Analitycy Morgan Stanley ostrzegają przed znacznym spadkiem zysków dla spółek z indeksu S&P500, co ma zaowocować przeceną. Nie są jedynymi, którzy tak twierdzą, ale to wszystko przy założeniu, że decyzje Fed i globalne spowolnienie gospodarcze doprowadzi w USA do recesji. Ankieta przeprowadzona przez Wall Street Journal pokazała, że 61% ankietowanych ludzi rynków spodziewa się takiej właśnie recesji. Ja zakładam, że jeśli nawet się pojawi to będzie krótka i nie zaszkodzi mocno wynikom spółek.
Trzeci tydzień stycznia przyniósł spadki indeksów, bo z Fed docierały wypowiedzi zgodnie z którymi stopy muszą rosnąć i utrzymać się przez czas dłuższy nad poziomem pięciu procent. Twarde fakty, a nie tylko rynkowe nastroje, sugerują, że wkrótce Fed może zacząć zmieniać zdanie. Rzadko się na to spogląda, ale warto wspomnieć, że po raz pierwszy od 1960 roku zmiana podaży pieniądza (agregat M2) weszła w strefę ujemnych wartości, a stopa oszczędności zeszła do poziomu z 2005 roku, bo konsumenci korzystają z nich w celu utrzymania poziomu życia. Wyraźnie spadła też w grudniu sprzedaż detaliczna i produkcja przemysłowa.

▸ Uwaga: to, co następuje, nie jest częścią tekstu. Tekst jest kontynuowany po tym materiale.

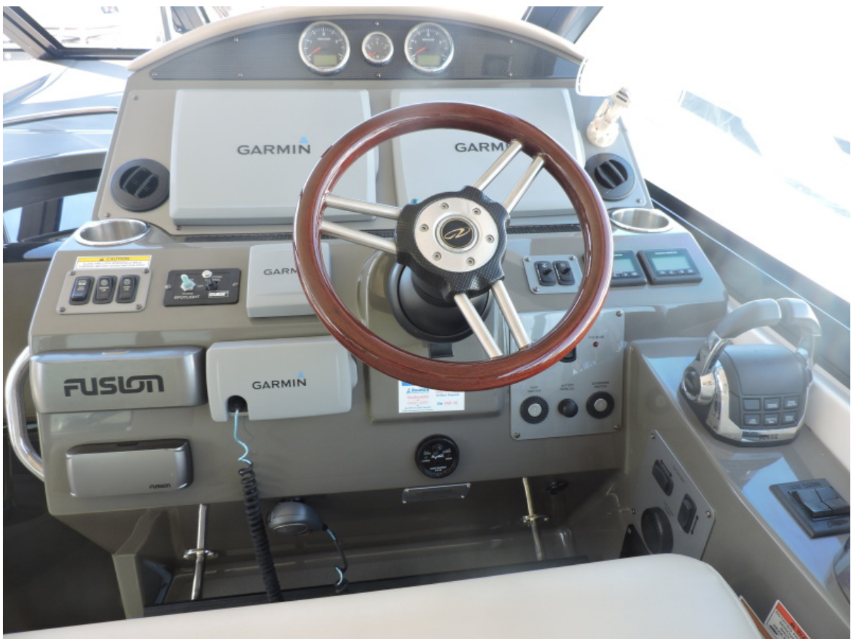
2012 42 Regal Sport Coupe - Sun Storm III - Helm
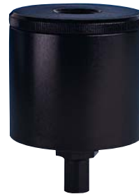
MS-50 Metal Sump Drain (External) Temp: 175°F (79°C) Pressure: 250 PSIG (17 bar) 1/8" NPT Drain Connection 1/2" NPT Inlet Connection
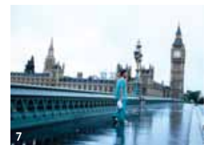
Image credits: 1. MADE IN DAGENHAM courtesy of Paramount Pictures, 2. FANTASTIC MR FOX courtesy of Fox Animation, 3. NEVER LET ME GO courtesy of Twentieth Century Fox, 4. EASTERN PROMISES courtesy of Focus Features, 5. SUNSHINE courtesy of Twentieth Century Fox, 6. FISH TANK courtesy of Artificial Eye Film Company, 7. 28 DAYS LATER courtesy of Fox Searchlight. All rights reserved
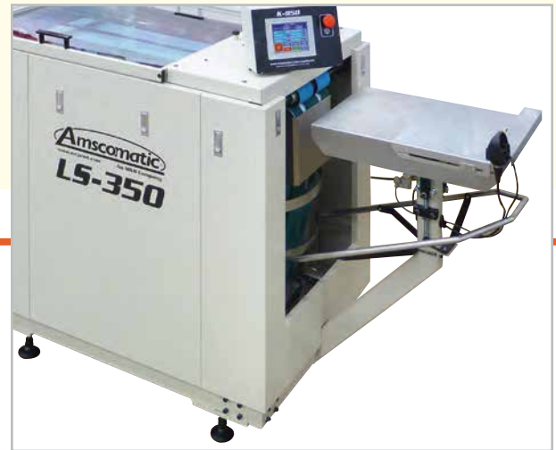
Optional LS-350 folder
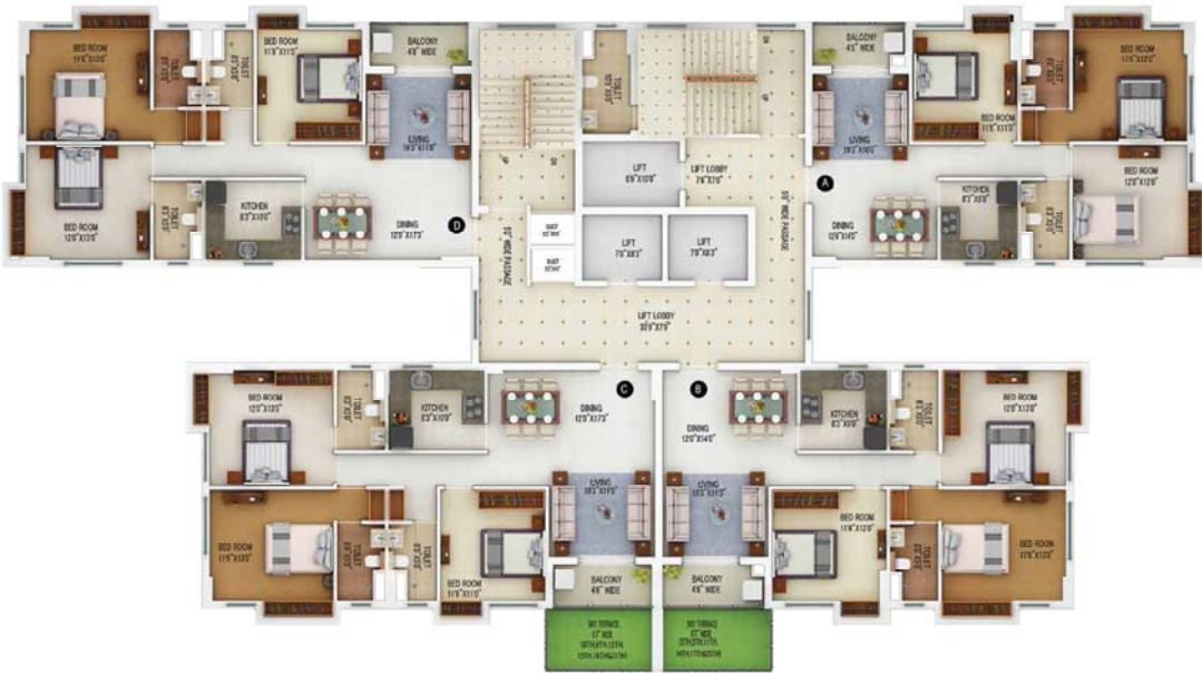
Block -3 | 4th-22nd Typical Floor Plan
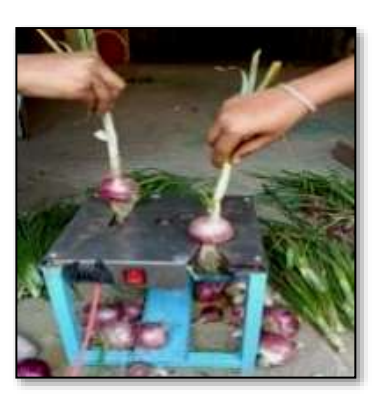
Fig. 3. Battery operated onion root and shoot cutting machine

Battery operated onion root and shoot cutting machine: This machine consists of blade. DC motor and plates assembly which is mounted on top side of stable platform on frame. It operates on charging spray pump battery. The power operated onion leaf and root cutter is operated by 12 watt single phase DC motor having 150 rated rpm. When power is supplied to the machine, the DC motor turns direct current into mechanical energy, which aids in the rotation of the blade. The blade is inserted between the plates, which include two slots for onion insertion, allowing the roots and leaves to be sliced independently. The onions are inserted in the slots manually, after that the cutting of root and shoot bulb moves downward. On a single machine, two people can cut the leaves and roots at the same time.

Walka w Kongresie o podniesienie limitu zadłużenia może też zakończyć QT, czyli wyprzedaż aktywów przez Fed (wynikiem QT jest zaostrzenie polityki monetarnej). Teoretycznie limit zadłużenia w USA został osiągnięty już 19. stycznia. Jednak Janet Yellen, sekretarz skarbu USA, powiedziała, że są metody, dzięki którym rząd federalny będzie regulował swoje rachunki do lata 2023 roku (nie określiła, do kiedy dokładnie).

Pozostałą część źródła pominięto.